El aire en la cafetería se sentía cargado, como si la cadencia final del poema hubiera dejado una extraña vibración en el espacio entre ellos. Raúl se inclinó hacia adelante, con la voz rebosante de curiosidad, "Así que esto es, en esencia, una sentida celebración de la indagación.™
Maya sostuvo su mirada, con algo titilando en sus ojos. Dejó que el silencio se prolongara un momento antes de añadir, "En efecto, así lo parece —mientras sus palabras se asentaban como piedras que dan forma al cauce de un arroyo, señaló. Cada pensamiento es un reflejo, parte de un sueño mayor."
José se recostó en su silla, con los dedos entrelazados en un gesto de profunda quietud. Aunque su rostro estaba sereno, su tono poseía la textura curtida de un hombre que ha visto pasar muchas estaciones. "Se necesita toda una vida para aprender el delicado arte de cuestionar y saber cuándo hacer una pausa" reflexionó con voz pausada y profunda. Y aún más tiempo para aprender la virtud de saber cuándo guardar silencio.

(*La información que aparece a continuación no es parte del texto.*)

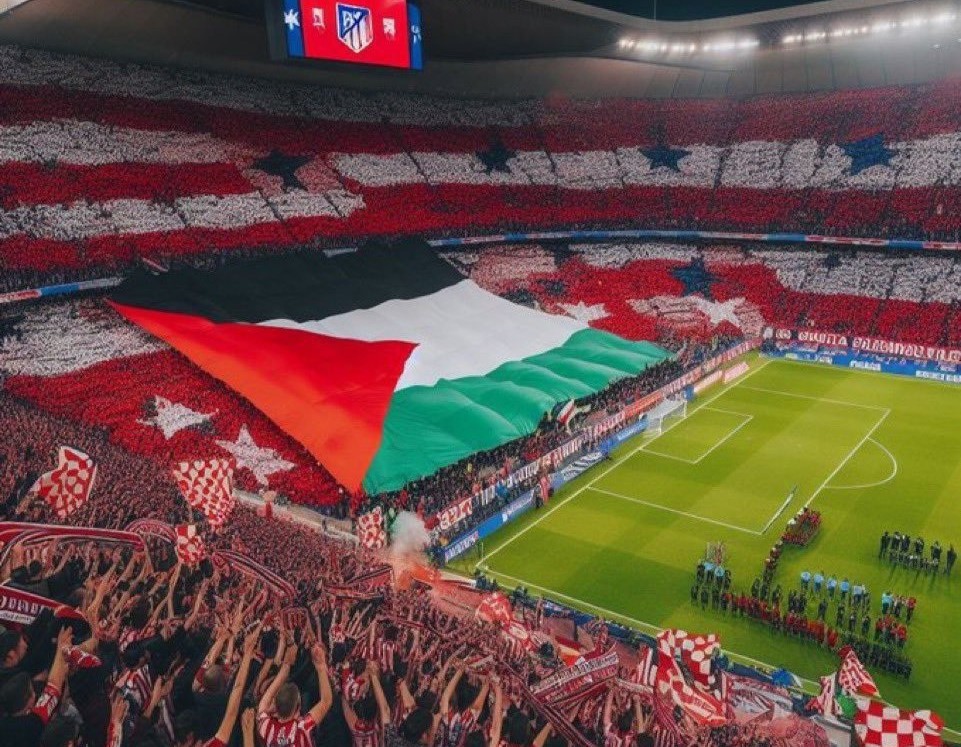 Existe ainda uma imagem de torcedores do Atlético de Madrid, clube de futebol da Espanha, levantando uma bandeira da Palestina no meio de um jogo em seu estádio no mesmo dia em que ocorreram os ataques terroristas em Israel. Conforme explicou o professor Farid à France 24, essa imagem também foi desenvolvida por uma IA.

La gravedad del momento fue repentinamente quebrada por la risa aguda de Tara, que se expandió por la sala, disipando al instante las densas nubes de cavilación intelectual.
"¿Una sola vida, José?" bromeó Tara, con los ojos brillando de picardía. "Creo que hacen falta muchas vidas… y, aun así, apenas estaríamos comenzando a formular las preguntas correctas."